' “spit” here refers to a horizontal rotisserie '
December 10, 2017 2:30 PM   Subscribe

A baumtorte, or baumkuchen, is a traditional German cake, so-called because the thin layers of batter resemble tree rings when sliced. This 'king of cakes' is traditionally made on a cake spit, or rotisserie, the baumkuchen is one of several so-called "spit cakes": "The exact origin of Baumkuchen, like that of so many other food specialties, seems murky. One theory is that it began as a Hungarian wedding cake. Another is that it was invented in the German town of Salzwedel, in the early nineteenth century, where it quickly became a favorite of the visiting Prussian king. Polish sekacz, Lithuanian sakotis, and Swedish spettekaka are other regional versions of what are classified as spit cakes, a term that might give pause in this era of blood-and-guts chefs. Fortunately, “spit” here refers to a horizontal rotisserie (now powered by electricity) that spins constantly above or in front of a wood or gas fire as the baker ladles over it anywhere from ten to thirty-six layers of sunny batter, which has the consistency of a foamy liquid custard."

ROTISSERIE CAKES FOREVER

At one time, there were only four bakeries in the United States making them:
Paul Gauweiler's Cake Box in Huntington Beach, CA (pictures)
Stork's, in Queens, New York
Lutz Café, in Chicago
none in Seattle.

Glaze, since closed, in Denver, had the only cake rotisserie in America, which was imported from Japan.
Why Japan? That's due to a German emigre, Karl Juchheim, who started the entire tradition of delicious Japanese baumkuchen.

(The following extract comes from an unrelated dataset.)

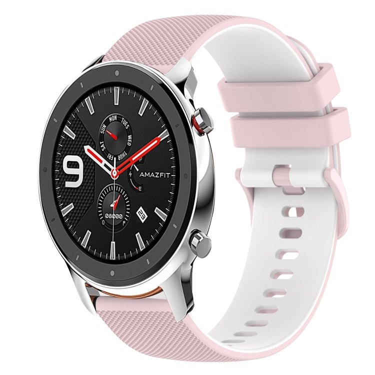 Correa de Reloj Amazfit GTR 42mm 20mm Silicona Dos Colores a Cuadros (Rosa + Blanco)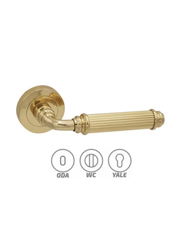 Falez Pirinç Altın Rozetli Kapı Kolu Gold

But let's imagine that you are, sadly, without a cake spit this holiday season.
Do you have a rotisserie oven that you can modify? video demonstration

Or make a schichtortte (under a broiler, in a springform pan)! (as seen on GBBO):
Pastry revolution
Jamie Oliver
Genius Kitchen
Natasha Solomons

What if you're not particularly German?
Try the:
Lithuanian ragoulis
Polish sękacz
Swedish spettekaka
Goan bebinca
French Gâteau à la broche
Tyrolean prügeltorte

And I will not even get into the yeast-raised chimney cakes of Eastern Europe...

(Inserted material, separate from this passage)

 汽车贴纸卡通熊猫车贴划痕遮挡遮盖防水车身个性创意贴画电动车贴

Baumtorte is one of those cakes to help you remember.
posted by the man of twists and turns (44 comments total) 41 users marked this as a favorite
 
Caramelized tree cake with chocolate ganache

and this is the most beautiful of the recipies: German Tree Cake | Baumtorte / Baumkuchen
This is my favorite cake. All 21 layers of it. It has been since my mitten-wearing years. My mom used this intricately layered almond and chocolate cake as an activity for us kids – something to keep us busy on rainy mornings, when crayons had lost their interest. It is single-handedly responsible for my obsession with almond paste (and it’s sweeter counterpart, marzipan).

The original recipe might as well be called “the dance of dirty bowls.” I took a hacksaw to the method, removing five extra bowls. Your baby soft hands will thank you. The best part? No cake goodness was harmed in the streamlining of this recipe.

NOTE: You need two days to make this cake because the cake needs to chill in the fridge overnight.
posted by the man of twists and turns at 2:35 PM on December 10, 2017 [6 favorites]


Oh wow, thanks for this. I was briefly obsessed with baumkuchen, because I can't get it. There was a gourmet shop near here that had packaged imported ones from Germany, and I made a walk in the snow particularly to look for one this year, but they weren't there. I suspect they were probably full of preservatives anyway, and probably as much baumkuchen as Hostess Cupcakes are cupcakes, but I wanted to try it.
posted by Countess Elena at 2:44 PM on December 10, 2017 [1 favorite]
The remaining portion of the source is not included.